Digitale Zukunft: Was ist Quanten­computing?

Foto: CC BY-ND 2.0, Graham Carlow / IBM Reserach | Ausschnitt angepasst
Foto: CC BY-ND 2.0, Graham Carlow / IBM Reserach | Ausschnitt angepasst
Veröffentlicht am 07.01.2022

Deutschland möchte die Entwicklung von Quantentechnologien in den nächsten Jahren massiv fördern. Dahinter steht der Wunsch, im internationalen Rennen der Grundlagenforschung in diesem Bereich nicht den Anschluss zu verlieren. Was es mit dem Quantencomputer und seinen Möglichkeiten auf sich hat, möchten wir hier kurz erklären.

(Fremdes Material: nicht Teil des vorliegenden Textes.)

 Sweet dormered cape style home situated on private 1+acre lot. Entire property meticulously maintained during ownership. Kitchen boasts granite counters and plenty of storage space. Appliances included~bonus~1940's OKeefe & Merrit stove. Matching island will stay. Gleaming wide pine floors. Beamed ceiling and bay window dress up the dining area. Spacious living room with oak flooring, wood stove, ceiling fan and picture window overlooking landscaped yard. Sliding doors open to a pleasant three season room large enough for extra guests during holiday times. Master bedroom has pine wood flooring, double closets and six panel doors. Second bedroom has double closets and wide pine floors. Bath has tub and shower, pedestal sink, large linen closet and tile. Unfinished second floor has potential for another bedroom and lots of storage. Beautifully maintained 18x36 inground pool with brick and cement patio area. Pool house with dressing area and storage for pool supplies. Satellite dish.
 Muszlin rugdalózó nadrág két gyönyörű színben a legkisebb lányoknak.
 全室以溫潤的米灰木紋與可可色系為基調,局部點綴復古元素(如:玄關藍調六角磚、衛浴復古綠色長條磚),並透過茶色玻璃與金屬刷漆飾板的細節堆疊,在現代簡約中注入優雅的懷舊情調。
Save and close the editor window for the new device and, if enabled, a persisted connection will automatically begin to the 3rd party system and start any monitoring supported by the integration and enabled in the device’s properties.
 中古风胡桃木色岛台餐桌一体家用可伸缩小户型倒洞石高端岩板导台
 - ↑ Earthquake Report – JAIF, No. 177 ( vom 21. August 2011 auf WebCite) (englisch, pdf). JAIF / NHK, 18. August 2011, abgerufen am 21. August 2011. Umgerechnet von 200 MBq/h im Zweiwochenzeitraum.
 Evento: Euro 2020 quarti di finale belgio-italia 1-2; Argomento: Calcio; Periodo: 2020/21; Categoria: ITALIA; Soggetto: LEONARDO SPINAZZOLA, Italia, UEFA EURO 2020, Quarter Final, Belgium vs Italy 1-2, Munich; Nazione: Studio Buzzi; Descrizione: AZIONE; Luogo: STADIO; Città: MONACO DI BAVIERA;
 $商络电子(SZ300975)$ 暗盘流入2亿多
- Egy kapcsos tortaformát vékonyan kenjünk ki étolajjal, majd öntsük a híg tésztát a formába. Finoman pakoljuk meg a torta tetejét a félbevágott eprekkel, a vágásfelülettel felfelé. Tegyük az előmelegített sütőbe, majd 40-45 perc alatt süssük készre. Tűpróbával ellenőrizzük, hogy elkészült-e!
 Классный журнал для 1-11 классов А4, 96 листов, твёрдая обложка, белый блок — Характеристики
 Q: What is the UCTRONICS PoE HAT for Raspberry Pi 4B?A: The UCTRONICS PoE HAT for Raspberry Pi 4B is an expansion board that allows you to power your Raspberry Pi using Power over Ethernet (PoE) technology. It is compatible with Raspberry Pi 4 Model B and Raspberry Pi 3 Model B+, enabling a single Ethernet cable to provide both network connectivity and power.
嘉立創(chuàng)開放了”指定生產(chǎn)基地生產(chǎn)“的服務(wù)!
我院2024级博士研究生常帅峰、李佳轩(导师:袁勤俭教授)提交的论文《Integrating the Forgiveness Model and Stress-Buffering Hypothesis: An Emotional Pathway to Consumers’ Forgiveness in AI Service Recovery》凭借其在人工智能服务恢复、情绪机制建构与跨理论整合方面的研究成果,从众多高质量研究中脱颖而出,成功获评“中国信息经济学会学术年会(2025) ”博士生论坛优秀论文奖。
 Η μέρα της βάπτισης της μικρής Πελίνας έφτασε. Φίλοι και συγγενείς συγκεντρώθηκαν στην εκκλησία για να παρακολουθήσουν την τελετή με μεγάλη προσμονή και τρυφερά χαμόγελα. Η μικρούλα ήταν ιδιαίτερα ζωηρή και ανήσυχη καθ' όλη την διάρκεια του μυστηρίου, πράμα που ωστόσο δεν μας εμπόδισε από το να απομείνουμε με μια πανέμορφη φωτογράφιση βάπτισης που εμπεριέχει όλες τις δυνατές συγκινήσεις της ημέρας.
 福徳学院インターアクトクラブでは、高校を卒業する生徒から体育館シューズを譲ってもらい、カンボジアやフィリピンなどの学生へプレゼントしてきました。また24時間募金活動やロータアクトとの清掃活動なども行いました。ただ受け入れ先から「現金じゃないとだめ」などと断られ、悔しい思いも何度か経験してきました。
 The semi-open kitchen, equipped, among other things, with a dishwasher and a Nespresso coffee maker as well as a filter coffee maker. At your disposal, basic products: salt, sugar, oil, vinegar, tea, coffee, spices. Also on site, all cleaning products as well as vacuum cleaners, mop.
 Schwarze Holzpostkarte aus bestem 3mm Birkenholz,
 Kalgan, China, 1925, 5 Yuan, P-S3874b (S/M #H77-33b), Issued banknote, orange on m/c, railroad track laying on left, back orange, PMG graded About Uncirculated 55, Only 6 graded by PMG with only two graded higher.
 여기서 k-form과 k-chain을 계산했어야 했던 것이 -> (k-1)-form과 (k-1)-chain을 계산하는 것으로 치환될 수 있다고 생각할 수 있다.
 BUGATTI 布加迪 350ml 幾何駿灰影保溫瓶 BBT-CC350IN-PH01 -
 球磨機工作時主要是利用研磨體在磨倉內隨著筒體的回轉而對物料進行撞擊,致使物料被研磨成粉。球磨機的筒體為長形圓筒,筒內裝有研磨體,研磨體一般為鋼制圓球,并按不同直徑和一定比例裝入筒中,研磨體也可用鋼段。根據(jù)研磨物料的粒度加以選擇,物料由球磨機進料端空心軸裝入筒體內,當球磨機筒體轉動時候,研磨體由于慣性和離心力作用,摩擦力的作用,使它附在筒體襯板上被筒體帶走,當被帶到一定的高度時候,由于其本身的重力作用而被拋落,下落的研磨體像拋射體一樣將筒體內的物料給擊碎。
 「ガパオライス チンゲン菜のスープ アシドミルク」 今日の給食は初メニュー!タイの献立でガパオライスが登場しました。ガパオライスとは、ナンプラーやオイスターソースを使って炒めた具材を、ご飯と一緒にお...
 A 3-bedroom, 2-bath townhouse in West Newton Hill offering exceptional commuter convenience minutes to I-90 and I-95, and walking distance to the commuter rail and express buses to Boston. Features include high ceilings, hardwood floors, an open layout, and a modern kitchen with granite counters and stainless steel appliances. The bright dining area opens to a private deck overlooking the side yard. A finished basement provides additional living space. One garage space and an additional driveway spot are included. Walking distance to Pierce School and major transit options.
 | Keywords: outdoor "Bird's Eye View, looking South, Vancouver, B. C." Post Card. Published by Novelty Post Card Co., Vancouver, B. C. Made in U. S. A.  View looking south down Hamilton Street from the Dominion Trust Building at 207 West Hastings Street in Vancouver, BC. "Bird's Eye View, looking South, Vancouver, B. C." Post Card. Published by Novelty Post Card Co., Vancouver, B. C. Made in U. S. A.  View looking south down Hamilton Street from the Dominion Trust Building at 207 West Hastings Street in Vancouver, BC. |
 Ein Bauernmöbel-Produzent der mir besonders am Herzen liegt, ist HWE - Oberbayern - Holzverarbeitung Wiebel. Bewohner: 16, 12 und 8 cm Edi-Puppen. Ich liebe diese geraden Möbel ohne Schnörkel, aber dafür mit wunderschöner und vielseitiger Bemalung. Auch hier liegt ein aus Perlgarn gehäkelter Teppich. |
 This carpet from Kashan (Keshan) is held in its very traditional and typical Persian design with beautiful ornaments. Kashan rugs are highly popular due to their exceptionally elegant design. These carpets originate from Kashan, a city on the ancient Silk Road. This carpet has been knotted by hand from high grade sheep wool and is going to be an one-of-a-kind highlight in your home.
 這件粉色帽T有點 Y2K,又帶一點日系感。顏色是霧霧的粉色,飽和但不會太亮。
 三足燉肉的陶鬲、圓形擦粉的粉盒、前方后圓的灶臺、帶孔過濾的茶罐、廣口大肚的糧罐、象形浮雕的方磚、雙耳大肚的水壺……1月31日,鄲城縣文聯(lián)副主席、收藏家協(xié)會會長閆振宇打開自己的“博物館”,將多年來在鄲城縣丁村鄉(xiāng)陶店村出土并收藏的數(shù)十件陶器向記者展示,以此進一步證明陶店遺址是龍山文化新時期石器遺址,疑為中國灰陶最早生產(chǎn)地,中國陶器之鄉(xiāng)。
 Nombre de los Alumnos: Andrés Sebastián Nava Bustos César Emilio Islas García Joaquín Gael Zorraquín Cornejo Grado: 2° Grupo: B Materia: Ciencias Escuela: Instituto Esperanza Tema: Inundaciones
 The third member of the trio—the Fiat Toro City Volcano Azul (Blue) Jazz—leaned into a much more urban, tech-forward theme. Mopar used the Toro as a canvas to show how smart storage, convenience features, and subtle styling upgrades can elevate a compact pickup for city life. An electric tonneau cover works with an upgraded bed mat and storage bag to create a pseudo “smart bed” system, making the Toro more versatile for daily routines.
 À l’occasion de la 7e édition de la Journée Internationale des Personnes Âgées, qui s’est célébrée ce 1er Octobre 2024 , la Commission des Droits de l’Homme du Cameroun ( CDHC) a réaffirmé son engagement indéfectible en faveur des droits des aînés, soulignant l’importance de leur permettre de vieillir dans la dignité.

Im November 2021 erklärte die scheidende Bundesforschungsministerin Anja Karliczek Quantentechnologien zu zentralen Zukunftstechnologien und einem Schlüssel für die technologische Souveränität Deutschlands und Europas:

„Sie geben uns ganz neue Möglichkeiten, Probleme zu lösen, die wir bislang mit herkömmlichen Rechnern nicht lösen können.“

Die alte Bundesregierung hatte deshalb bereits 2020 in ihrem „Konjunktur- und Zukunftspaket“ zwei Milliarden Euro für die Förderung dieser Technologien in den Bereichen Quantencomputing, Quantenkommunikation und Quantensensorik vorgesehen. Aktuell fließen allein 40 Mio. Euro in den Bau eines Quantencomputers für das Leibniz-Rechenzentrum der Bayerischen Akademie der Wissenschaften in Garching bei München. Und auch im Koalitionsvertrag der neuen Ampelkoalition werden Investitionen in Quantentechnologien angekündigt.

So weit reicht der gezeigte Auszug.